(Beginning of DATA SUPPLIED)

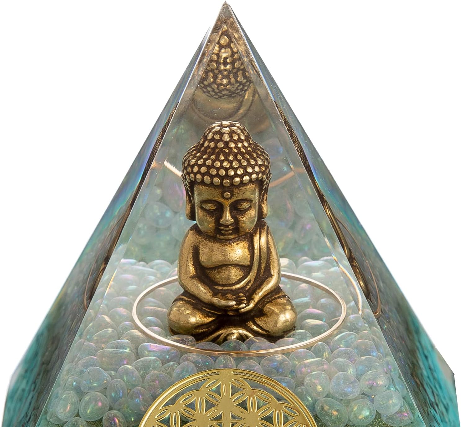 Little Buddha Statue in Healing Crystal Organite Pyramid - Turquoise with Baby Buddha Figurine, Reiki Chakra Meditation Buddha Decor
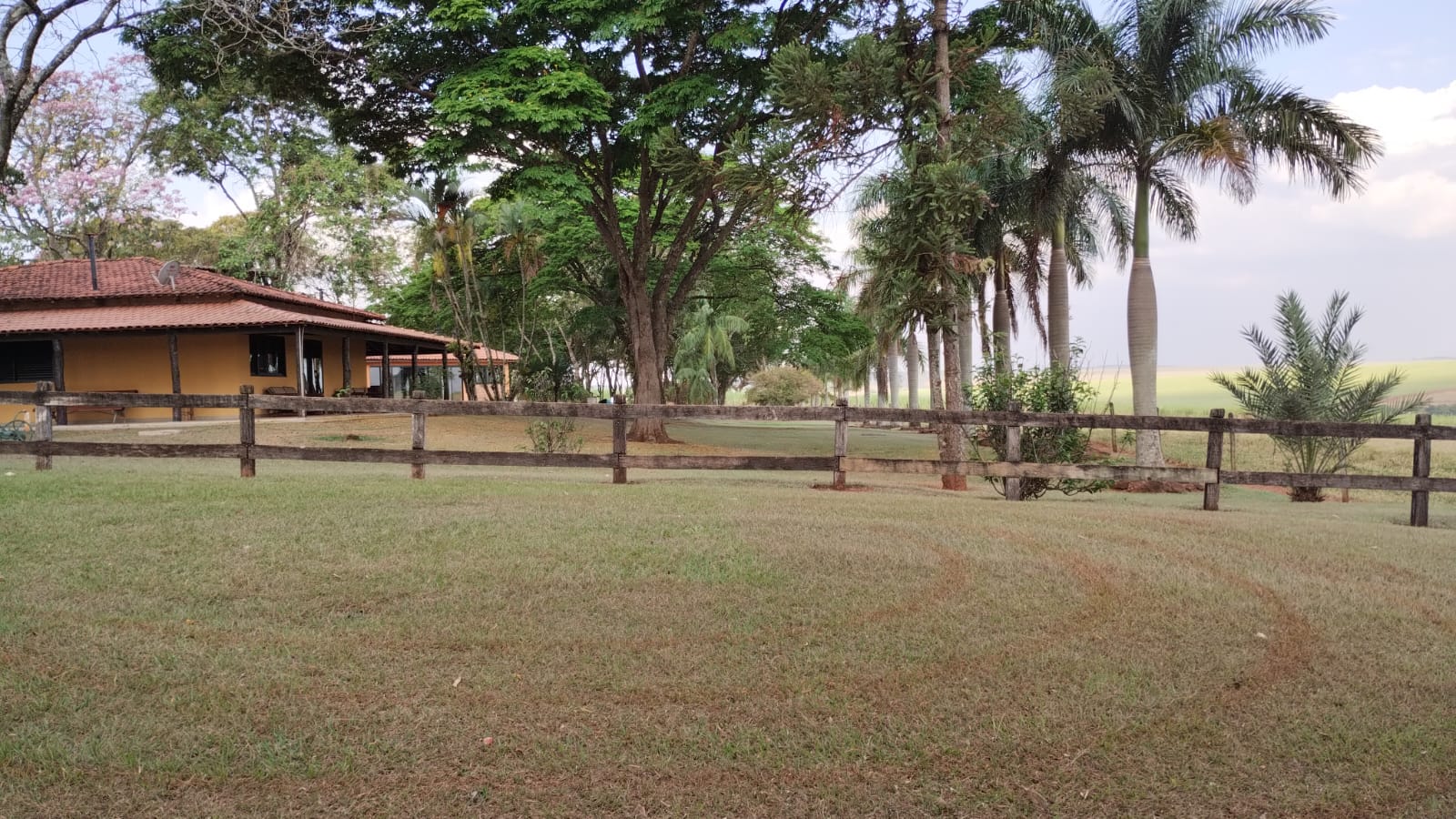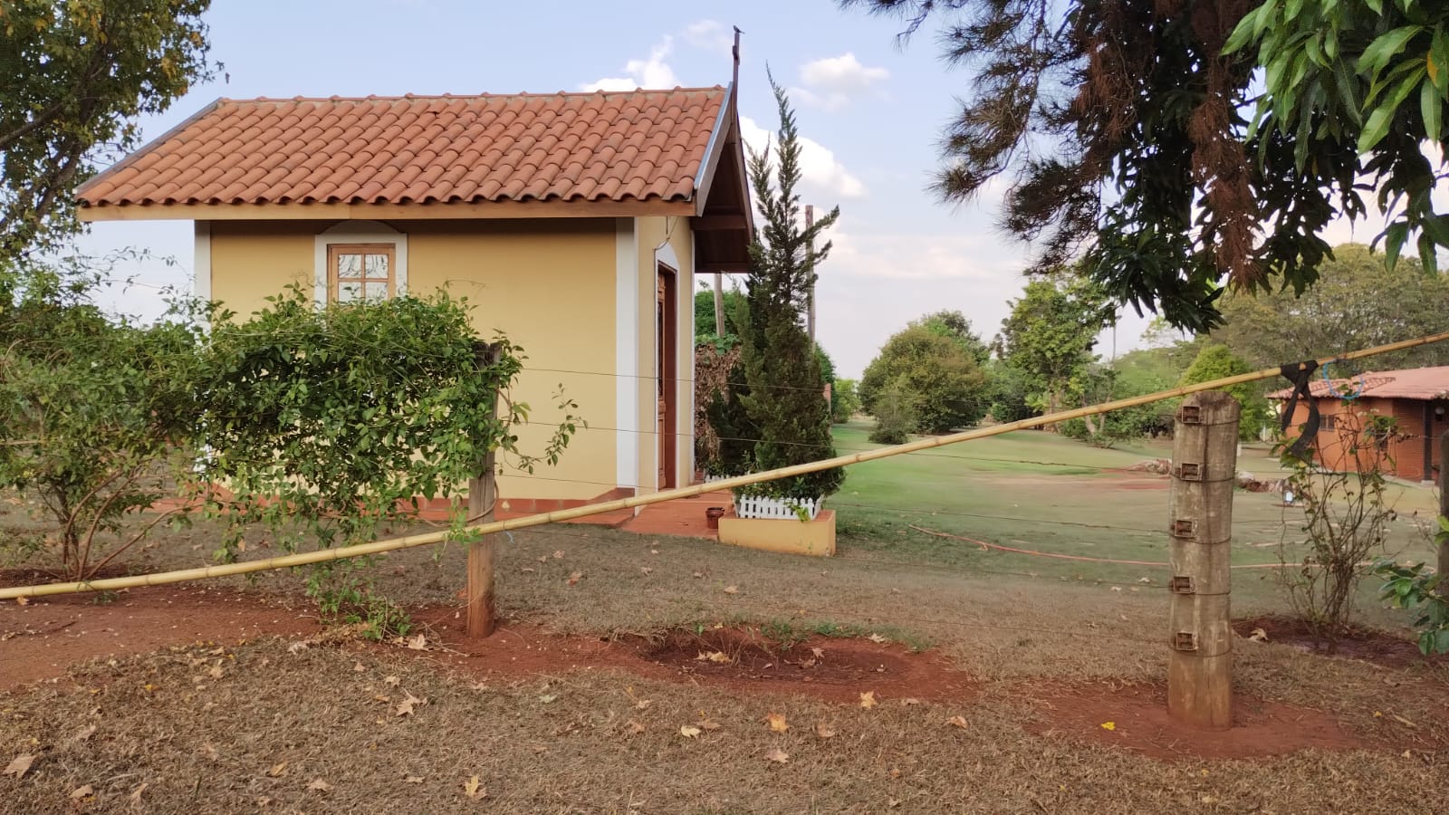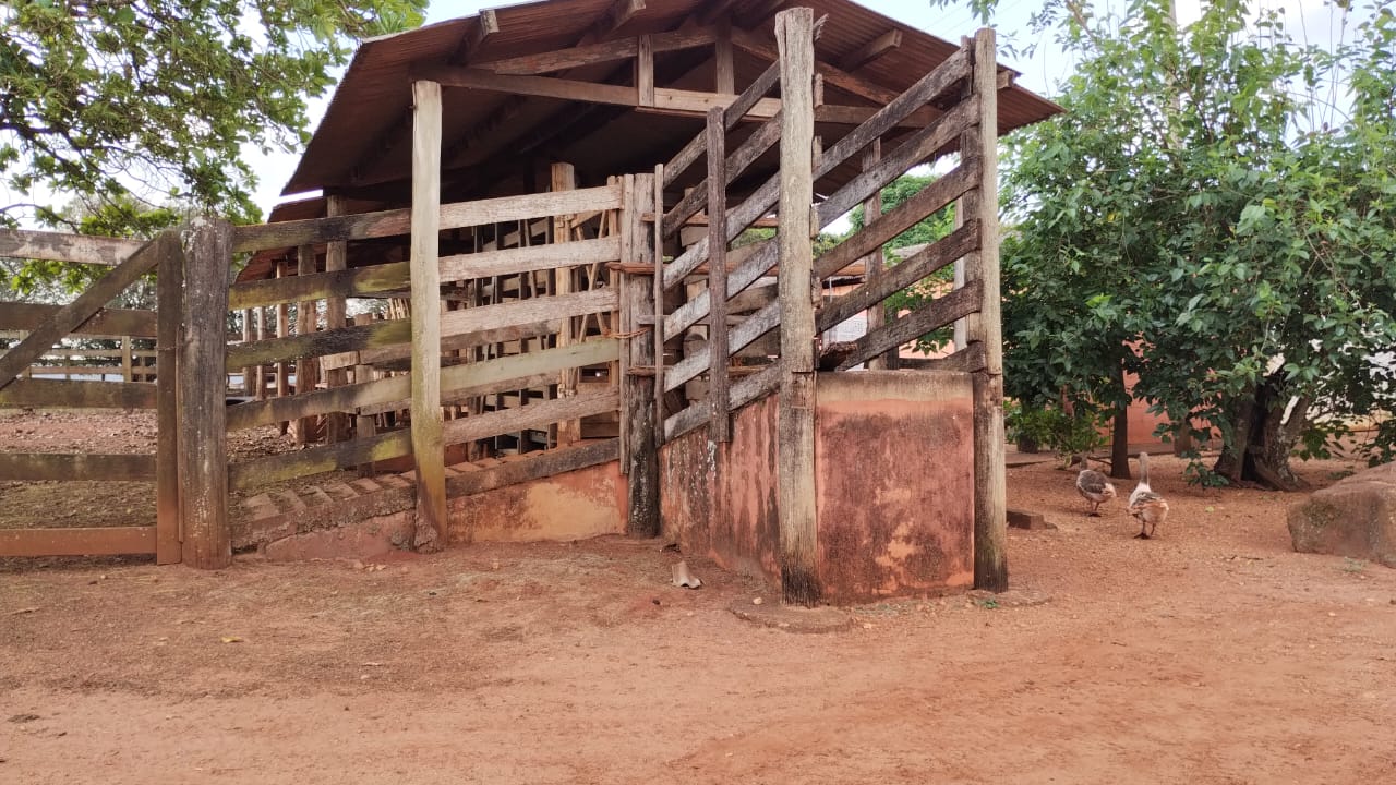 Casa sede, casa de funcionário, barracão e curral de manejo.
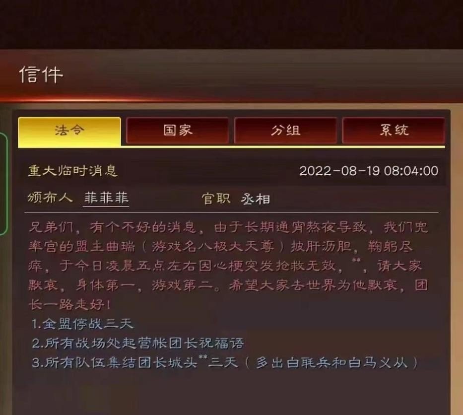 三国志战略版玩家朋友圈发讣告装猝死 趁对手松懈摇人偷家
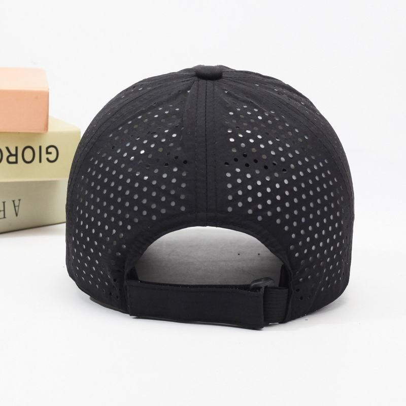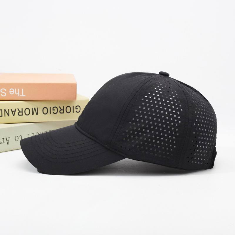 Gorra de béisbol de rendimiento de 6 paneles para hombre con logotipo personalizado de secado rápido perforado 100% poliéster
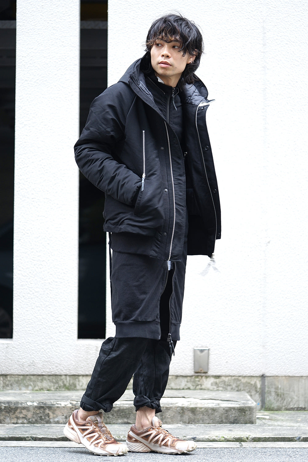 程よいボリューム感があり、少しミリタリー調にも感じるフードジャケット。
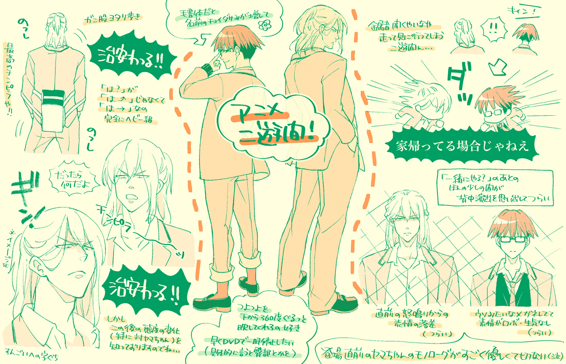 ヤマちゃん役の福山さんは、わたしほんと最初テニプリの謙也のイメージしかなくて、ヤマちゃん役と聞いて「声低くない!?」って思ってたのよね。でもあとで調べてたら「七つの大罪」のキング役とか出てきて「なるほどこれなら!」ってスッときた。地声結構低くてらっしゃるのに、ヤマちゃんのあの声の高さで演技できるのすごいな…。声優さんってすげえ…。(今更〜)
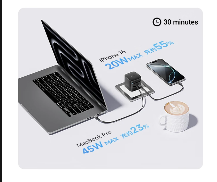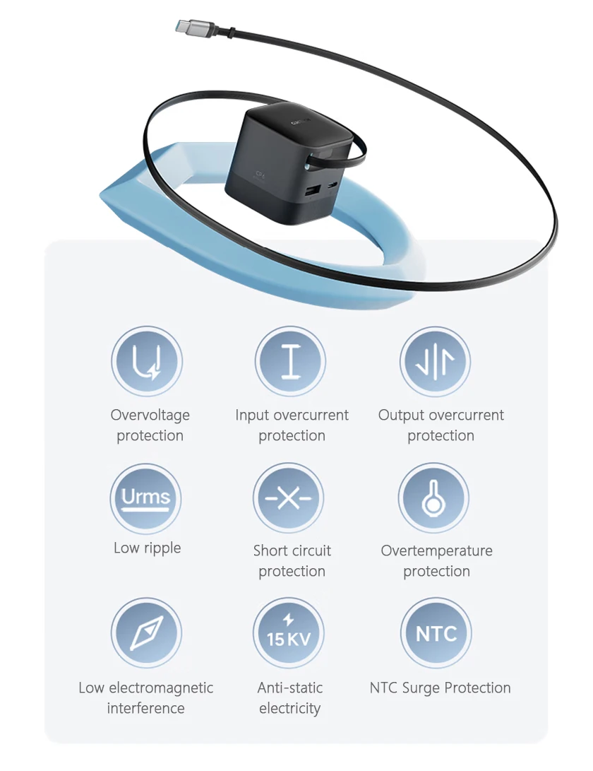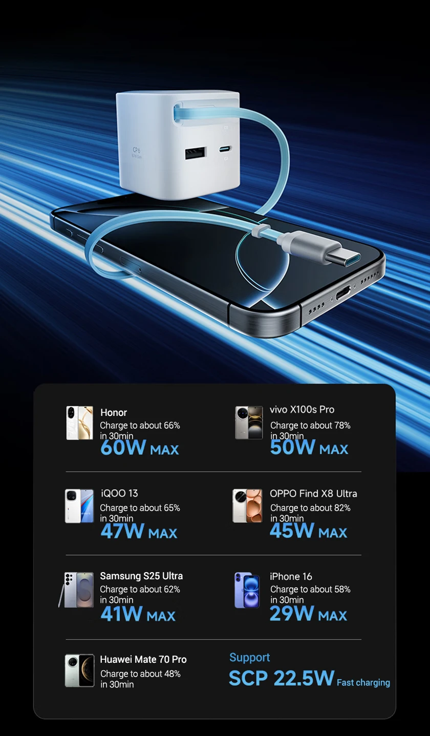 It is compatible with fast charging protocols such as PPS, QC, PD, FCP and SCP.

(End of DATA SUPPLIED)

Every entry above needs to be printed again exactly, with its pictures left out.

SOLUTION TO THIS PROBLEM >>
 Little Buddha Statue in Healing Crystal Organite Pyramid - Turquoise with Baby Buddha Figurine, Reiki Chakra Meditation Buddha Decor
 Casa sede, casa de funcionário, barracão e curral de manejo.
 三国志战略版玩家朋友圈发讣告装猝死 趁对手松懈摇人偷家
 Gorra de béisbol de rendimiento de 6 paneles para hombre con logotipo personalizado de secado rápido perforado 100% poliéster
 程よいボリューム感があり、少しミリタリー調にも感じるフードジャケット。
 ヤマちゃん役の福山さんは、わたしほんと最初テニプリの謙也のイメージしかなくて、ヤマちゃん役と聞いて「声低くない!?」って思ってたのよね。でもあとで調べてたら「七つの大罪」のキング役とか出てきて「なるほどこれなら!」ってスッときた。地声結構低くてらっしゃるのに、ヤマちゃんのあの声の高さで演技できるのすごいな…。声優さんってすげえ…。(今更〜)
 It is compatible with fast charging protocols such as PPS, QC, PD, FCP and SCP.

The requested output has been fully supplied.